When Army veterans speak on Manipur violence
– The People’s Chronicle Editorial :: September 24, 2024 –

OF late, many former general officers in the Indian Army, including Lieutenant General Pradeep Chandran Nair, who retired from service as the 21st Director General (DG) of Assam Rifles on July 31, 2024, and Lieutenant General Rana Pratap Kalita, who served as the General Officer Commanding-in-Chief (GOC-in-C) of the Indian Army’s Eastern Command until his retirement on December 31, 2023, have been giving interviews to various news channels, talking about the violence in Manipur.

The fact that the tiny northeastern Indian state has been engulfed in an unprecedented violent conflict which broke out between the Kuki-Chin and Meetei communities on May 3, 2023 and the last part of their service periods witnessed some of the most violent clashes between the two communities in the history of not just Manipur but also modern India should be enough for anyone to sit up and lend their ears to what they are saying.

But more often than not these interviews turned out to be just another conscious effort to create confusion in the mind of the people on the role of over 60,000 central forces deployed in Manipur, purportedly to contain the violence which has now spanned over 16 months.

Rather than offering any new insights, many of these Army veterans are seen trying their best to defend and clear the names of their respective military organisations from any possible lapses in performing the task of containing the violence and assisting the state administration in maintaining law and order in strife-torn Manipur.

It was for this singular task that one of the biggest deployments of security forces in a single Indian state (outside of Jammu and Kashmir) had been carried out since the violent conflict erupted.

Despite this, violence is unabated and the list of casualties is getting longer with each passing day while the displaced people continue to remain languishing in the relief camps.

This is the reality with which people of Manipur have been living for more than 16 months now.

It is also interesting to note that in their desperate attempt to wash their hands off, many of these former general officers in the Indian Army are contradicting each other on many issues including the root causes of the current conflict in Manipur.

While some have been very vocal about influx of illegal immigrants, proliferation of poppy cultivation and systematic militarization of Kuki-Chin groups by the central government agencies, others have been completely dismissive of all these factors.
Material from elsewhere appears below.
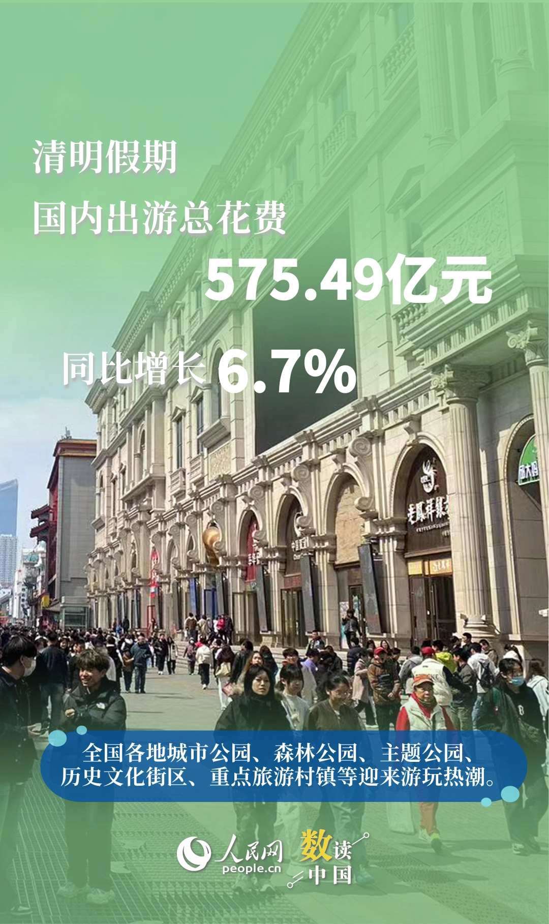 經(jīng)文化和旅游部數(shù)據(jù)中心測算,清明節(jié)假期3天,國內(nèi)出游總花費575.49億元,同比增長6.7%。
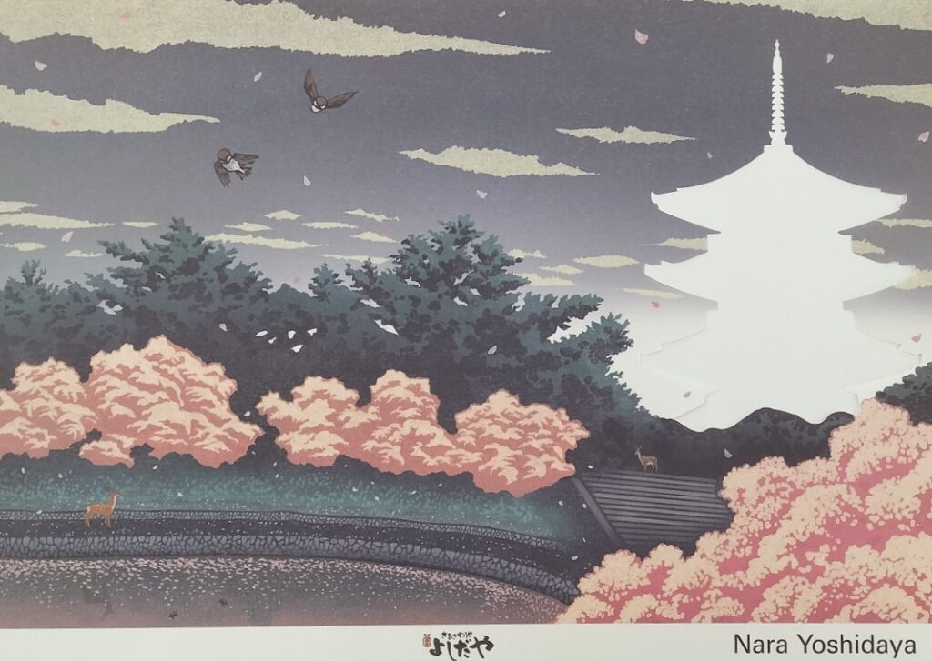 奈良の名所である興福寺の五重塔を中心に、猿沢池、奈良の鹿、桜といった風景を織り交ぜ、旅館が誇る奈良の魅力を掛紙に落とし込みました。

Nonetheless, all of them have been unequivocal in saying that the central security forces deployed in Manipur have done “an exceptional good job” in promptly evacuating the people from the violent-hit areas to safer locations, without which, they said, the number of casualties would have been much larger.
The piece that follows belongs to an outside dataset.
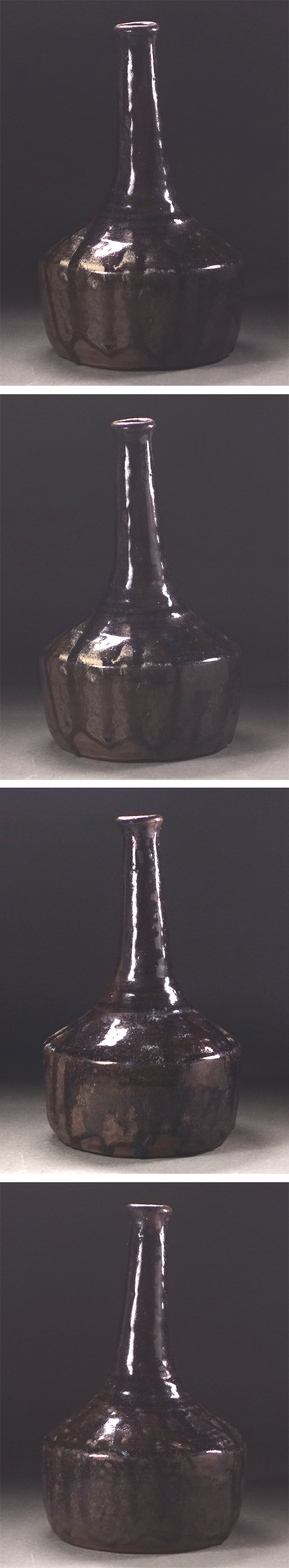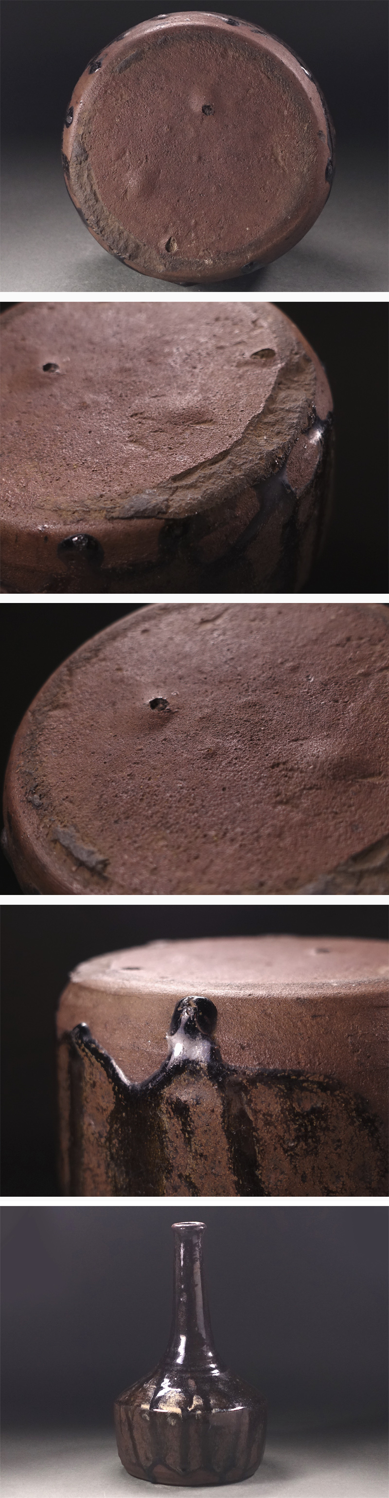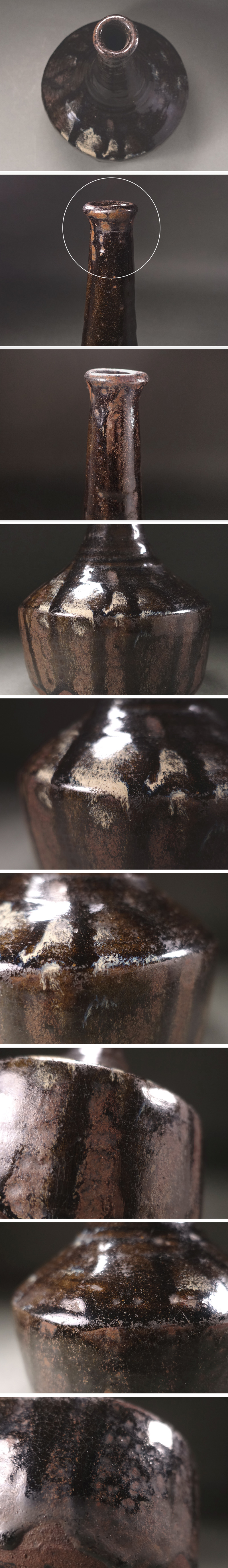 ∇花∇江戸時代前~中期 古唐津 朝鮮唐津藁灰釉花生 徳利 釉景富む優品 收藏

This brings us to the question – why can’t the central security forces show the same prompt response when the houses and properties of the people they had evacuated came under attack or razed to the ground?

If the houses and properties of the evacuated people had been kept guarded under the watchful eyes of security forces, rehabilitation and resettlement process of the displaced people, who are languishing in the relief camps for the last so many months, could have been possible.

With their houses gone, where would the displaced people go now? Every former general officer in the Indian Army, who are coming out now to give interview to various news channels, should give a satisfactory answer to this question even if the interviewer failed to ask it, deliberately or otherwise.

With the violence in Manipur continuing despite deployment of large number of central security forces, the claims made by the former Indian Army officers sound completely hollow and it reminds us of a humorous social media post made by one Dead Inside@devakishor, which says, “If you feel completely worthless and insignificant, just remember the 60000+ armed personnel of various Indian military wings – Army, CRPF, BSF, AR, etc – currently stationed in Manipur.”

This could be more motivational than anything else.